[Data excerpts]
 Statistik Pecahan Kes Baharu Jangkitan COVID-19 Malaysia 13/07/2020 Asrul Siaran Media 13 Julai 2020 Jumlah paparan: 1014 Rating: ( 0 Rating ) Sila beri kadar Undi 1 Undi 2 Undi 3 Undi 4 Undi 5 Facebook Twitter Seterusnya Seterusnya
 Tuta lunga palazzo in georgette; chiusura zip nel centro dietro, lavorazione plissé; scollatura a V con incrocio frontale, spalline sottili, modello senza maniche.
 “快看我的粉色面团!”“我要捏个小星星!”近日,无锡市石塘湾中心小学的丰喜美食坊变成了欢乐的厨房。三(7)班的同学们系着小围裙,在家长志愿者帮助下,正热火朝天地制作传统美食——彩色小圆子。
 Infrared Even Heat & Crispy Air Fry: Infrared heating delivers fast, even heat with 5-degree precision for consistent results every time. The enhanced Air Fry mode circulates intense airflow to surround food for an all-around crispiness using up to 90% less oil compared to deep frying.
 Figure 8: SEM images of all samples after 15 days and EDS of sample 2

==

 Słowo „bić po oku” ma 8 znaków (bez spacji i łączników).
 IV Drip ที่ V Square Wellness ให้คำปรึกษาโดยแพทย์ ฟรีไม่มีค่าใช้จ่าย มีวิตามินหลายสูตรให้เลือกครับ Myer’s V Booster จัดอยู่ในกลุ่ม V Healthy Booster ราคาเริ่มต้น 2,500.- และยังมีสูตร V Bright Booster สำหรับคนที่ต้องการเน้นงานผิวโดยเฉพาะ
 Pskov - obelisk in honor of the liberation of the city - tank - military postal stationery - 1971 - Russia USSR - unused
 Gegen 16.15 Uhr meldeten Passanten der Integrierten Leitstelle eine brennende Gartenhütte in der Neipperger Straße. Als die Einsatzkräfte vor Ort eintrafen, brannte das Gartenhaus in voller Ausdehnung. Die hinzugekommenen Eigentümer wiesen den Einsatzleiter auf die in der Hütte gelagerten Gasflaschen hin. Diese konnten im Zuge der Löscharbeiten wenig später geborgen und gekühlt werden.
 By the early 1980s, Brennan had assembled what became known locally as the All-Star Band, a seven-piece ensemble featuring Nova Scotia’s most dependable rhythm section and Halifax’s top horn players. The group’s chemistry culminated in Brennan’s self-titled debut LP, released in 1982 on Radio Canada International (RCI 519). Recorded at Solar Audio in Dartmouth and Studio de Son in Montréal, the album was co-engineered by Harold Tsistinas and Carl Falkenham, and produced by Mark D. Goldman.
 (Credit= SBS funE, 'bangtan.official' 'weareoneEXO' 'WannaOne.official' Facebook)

To do:
Scan the data for lines with the word "Facebook". Report only how many there are.

Task solution:
2